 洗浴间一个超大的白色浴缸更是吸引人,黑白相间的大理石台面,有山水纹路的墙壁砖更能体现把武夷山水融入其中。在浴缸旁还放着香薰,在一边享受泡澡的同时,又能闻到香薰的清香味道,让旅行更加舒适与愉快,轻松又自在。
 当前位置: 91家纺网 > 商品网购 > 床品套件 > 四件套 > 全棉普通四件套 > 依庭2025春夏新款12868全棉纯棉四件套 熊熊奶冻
----
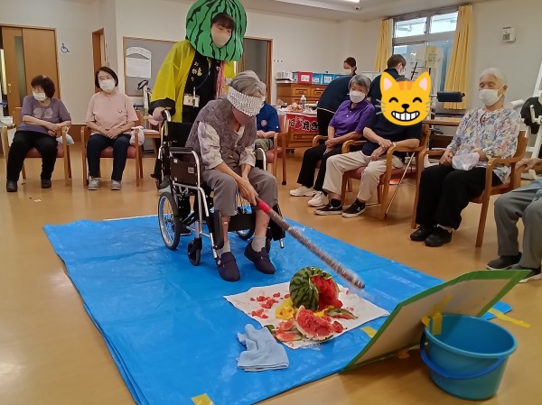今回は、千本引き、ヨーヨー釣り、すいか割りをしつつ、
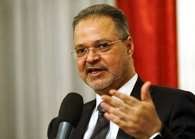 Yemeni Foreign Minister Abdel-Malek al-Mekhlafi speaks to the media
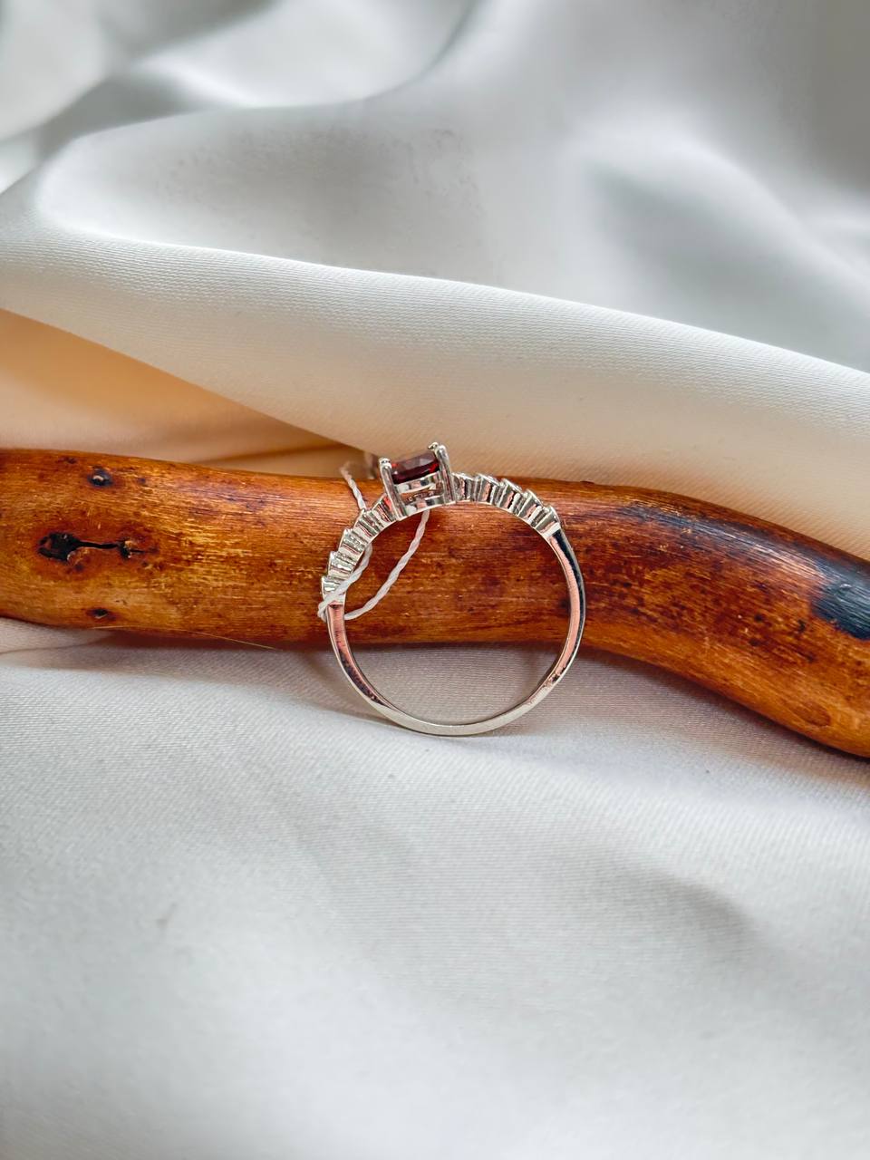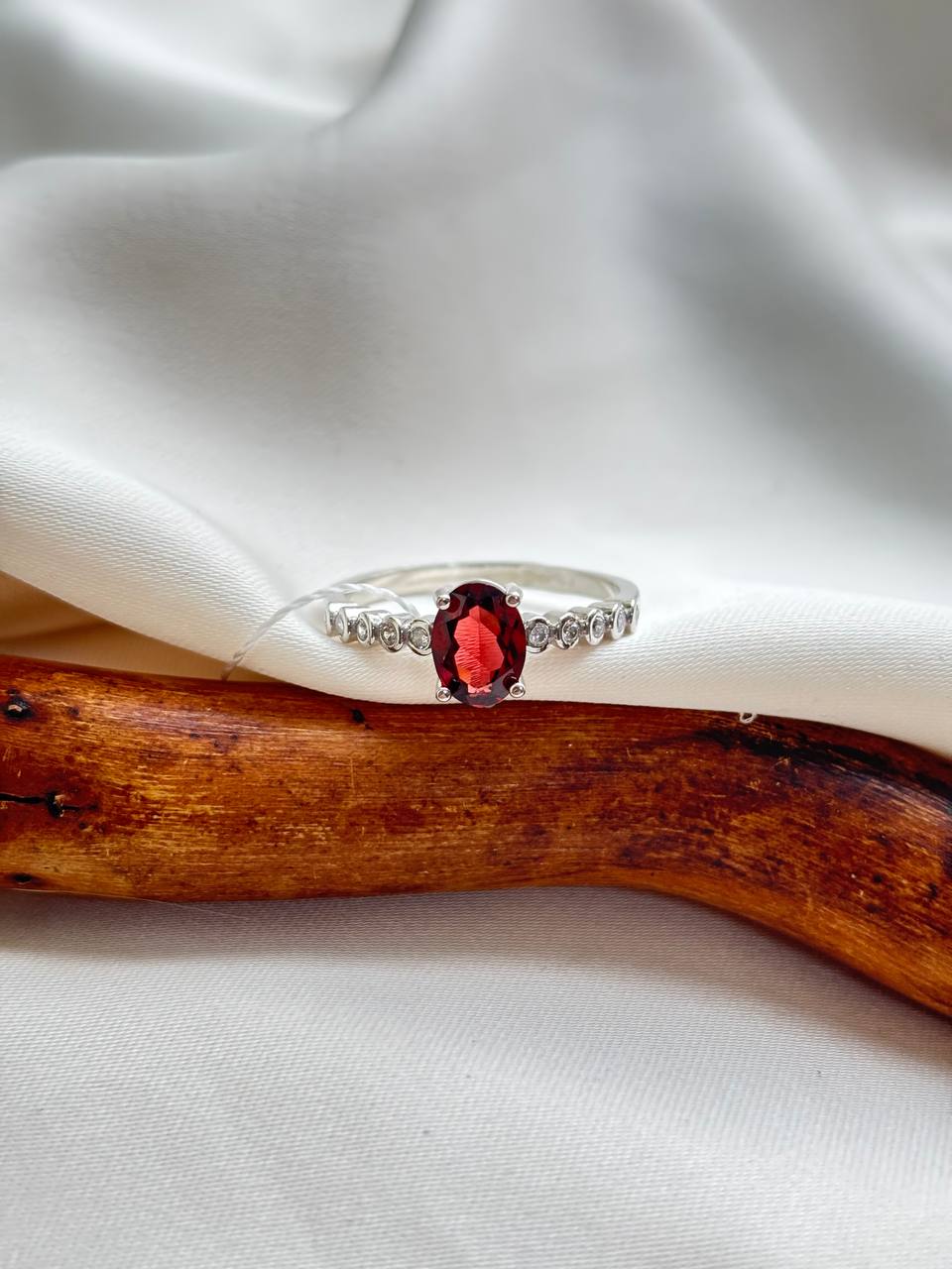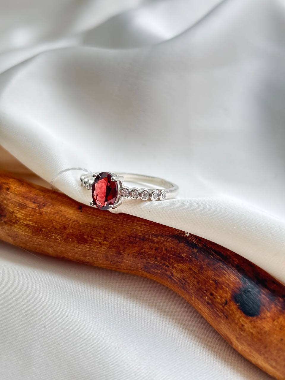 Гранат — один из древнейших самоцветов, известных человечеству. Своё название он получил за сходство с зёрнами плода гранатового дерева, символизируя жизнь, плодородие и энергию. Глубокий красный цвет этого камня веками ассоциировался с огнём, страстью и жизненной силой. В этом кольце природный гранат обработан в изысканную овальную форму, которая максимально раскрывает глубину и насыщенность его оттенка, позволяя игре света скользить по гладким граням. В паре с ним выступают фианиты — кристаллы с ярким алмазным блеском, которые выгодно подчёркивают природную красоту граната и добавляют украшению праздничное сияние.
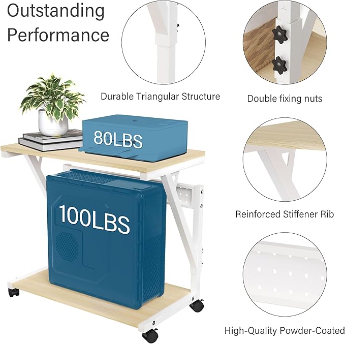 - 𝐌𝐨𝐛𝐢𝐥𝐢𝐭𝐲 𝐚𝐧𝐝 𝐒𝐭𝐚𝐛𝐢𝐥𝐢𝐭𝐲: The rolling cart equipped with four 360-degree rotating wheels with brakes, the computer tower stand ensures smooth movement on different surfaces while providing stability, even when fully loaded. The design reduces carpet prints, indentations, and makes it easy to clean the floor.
----
- TASK OBJECTIVE: Please transcribe exactly the part of the records that opens with the line containing "Yemeni Foreign Minister" and closes with the line containing "- 𝐌𝐨𝐛𝐢𝐥𝐢𝐭𝐲 𝐚𝐧𝐝", both ends included, and leave out the pictures.

- RESULT FOR THIS TASK:
 Yemeni Foreign Minister Abdel-Malek al-Mekhlafi speaks to the media
 Гранат — один из древнейших самоцветов, известных человечеству. Своё название он получил за сходство с зёрнами плода гранатового дерева, символизируя жизнь, плодородие и энергию. Глубокий красный цвет этого камня веками ассоциировался с огнём, страстью и жизненной силой. В этом кольце природный гранат обработан в изысканную овальную форму, которая максимально раскрывает глубину и насыщенность его оттенка, позволяя игре света скользить по гладким граням. В паре с ним выступают фианиты — кристаллы с ярким алмазным блеском, которые выгодно подчёркивают природную красоту граната и добавляют украшению праздничное сияние.
 - 𝐌𝐨𝐛𝐢𝐥𝐢𝐭𝐲 𝐚𝐧𝐝 𝐒𝐭𝐚𝐛𝐢𝐥𝐢𝐭𝐲: The rolling cart equipped with four 360-degree rotating wheels with brakes, the computer tower stand ensures smooth movement on different surfaces while providing stability, even when fully loaded. The design reduces carpet prints, indentations, and makes it easy to clean the floor.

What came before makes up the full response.